Right. My primal motivation is to detect the disconnection from remotes and abort
current transaction as soon as possible. In this case, as I posted in [1],
...all() is not so helpful.
I agreed to remove the function from patch set. Done.

> Considering the purpose of this feature, wouldn't it be better to extend
> postgres_fdw_get_connections() to include a "used_in_xact" column
> (indicating whether the connection has been used in the current transaction)
> and a "closed" column (indicating whether the connection has been closed)?
> This approach might be more effective than introducing a new function
> like the postgres_fdw_verify_connection family?
>
> If it's too much to check if the connection is closed by default whenever
> calling postgres_fdw_get_connections(), we could modify it to accept
> an argument indicating whether to perform this check. Thoughts?

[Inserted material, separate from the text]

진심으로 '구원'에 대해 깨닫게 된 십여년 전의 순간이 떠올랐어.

Sounds interesting. If we can accept to change the definition of pre-existing
function, it seems better. To keep the default behavior, an input parameter
should be added. Attached patch tried to implement.

> Here are the review comments for 0003 patch:
>
> The source comment in postgres_fdw_get_connections() should mention
> the return value user_name.

Document was updated.

> We also need to handle the case where the user mapping used by
> the connection cache has been dropped. Otherwise, this could
> lead to an error.
>
> -----------------------------
> =# BEGIN;
> =*# SELECT * FROM postgres_fdw_get_connections();
> server_name | user_name | valid
> -------------+-----------+-------
> loopback | public | t
> (1 row)
>
> =*# DROP USER MAPPING FOR public SERVER loopback ;
> =*# SELECT * FROM postgres_fdw_get_connections();
> ERROR: cache lookup failed for user mapping 16409
> -----------------------------

Fixed.

> -SELECT * FROM postgres_fdw_get_connections() ORDER BY 1;
> +SELECT server_name, valid FROM postgres_fdw_get_connections() ORDER BY
> 1;
>
> Shouldn't this test also check if the returned user_name is valid?

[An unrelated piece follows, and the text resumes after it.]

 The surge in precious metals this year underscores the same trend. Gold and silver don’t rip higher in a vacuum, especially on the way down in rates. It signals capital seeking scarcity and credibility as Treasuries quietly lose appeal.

You meant to say that we should print the user_name, right? Done.

> + server_name | user_name | validvalid
> +-------------+------------------------
> + loopback1 | postgres | t
> + loopback2 | | f
>
> The column name "validvalid" should be "valid".

Right, fixed.

> How can we cause the record with server_name != NULL but user_name = NULL?

Now this can happen when user_name is dropped, but the example was updated.

Below contains a summary of changes.
0001:
- Instead of adding new functions, postgres_fdw_get_connections() was extended.
Some tricks were added to support old versions. I followed pg_stat_statements.c.
Attributes were added after the `valid` to preserve ordering of the old version.
- I found an inconsistency of name between source and doc,
so I unified to postgres_fdw_can_verify_connection().
- Also, test patch (0002) was combined into this.
0002:
- user_name was added after the `valid` to preserve ordering of the old version.
- GetUserMappingFromOid() is allowed to miss a tuple.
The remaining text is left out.